::: RECORDS SUPPLIED :::

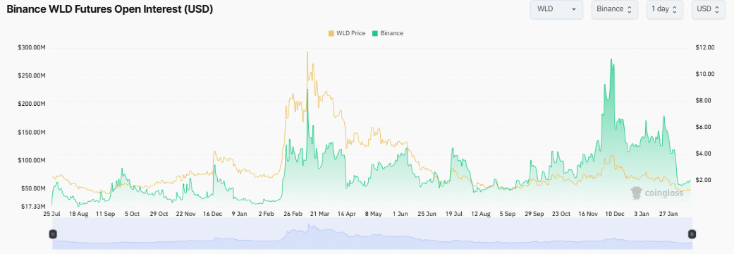 Finally, an analysis into the Open interest of WLD Futures on Binance revealed a hike over recent weeks. Here, Open Interest represents the total number of outstanding futures contracts and can serve as an indicator of growing market interest.
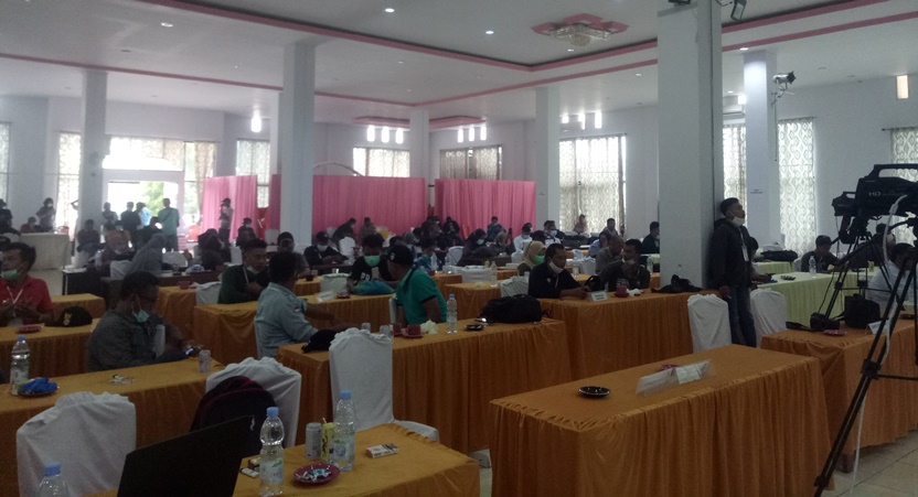 Ketua KPUD Touna Dirwansyah Putra di dampingi 4 Komisiner KPU membacakan berita acara hasil rekapitulasi dan penetapan hasil perhitungan suara tingkat Kabupaten Tojo Una Una pemilihan Gubernur dan wakil gubernur serta bupati dan wakil bupati Tojo Una Una tahun 2020.
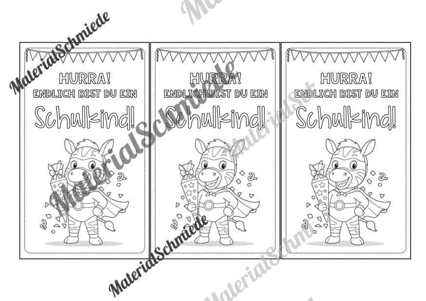 Das Motiv mit der Karte zur Einschulung stellen wir euch in 9 Farben sowie in schwarz-weiß zur Verfügung.
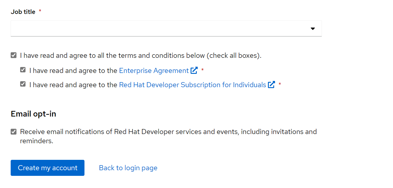 进入 Register for a Red Hat account 页面,全部勾选;
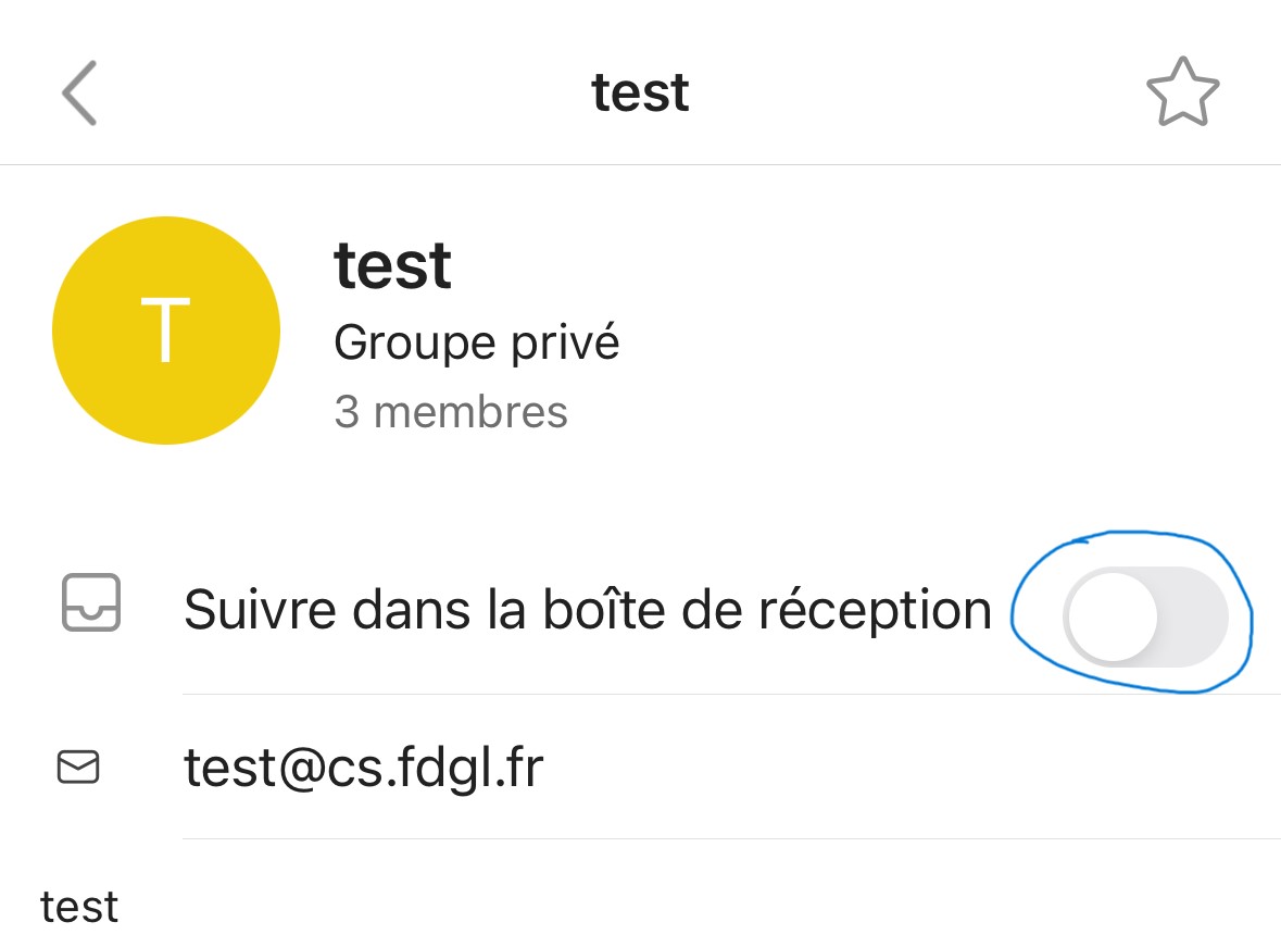 Puis sur le groupe concerné et appuyez sur détails du groupe :
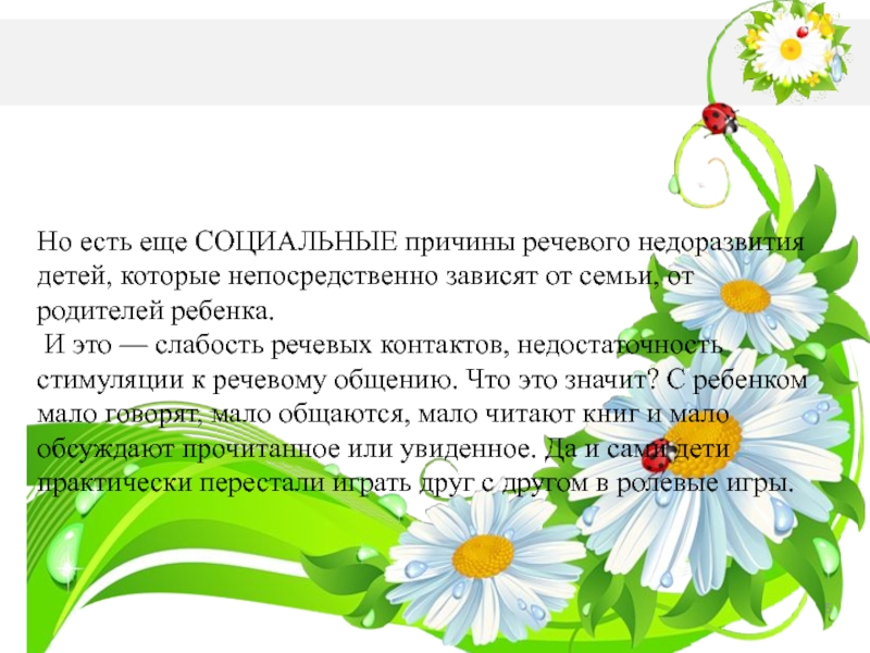 Слайд 5Но есть еще СОЦИАЛЬНЫЕ причины речевого недоразвития детей, которые непосредственно зависят

:::

◆ HOW TO COMPLETE THIS TASK: Only the lines between the one containing "Puis sur le" and the last line of the listing above, both included, should be written out, exactly and without pictures.

◆ TASK RESPONSE:
 Puis sur le groupe concerné et appuyez sur détails du groupe :
 Слайд 5Но есть еще СОЦИАЛЬНЫЕ причины речевого недоразвития детей, которые непосредственно зависят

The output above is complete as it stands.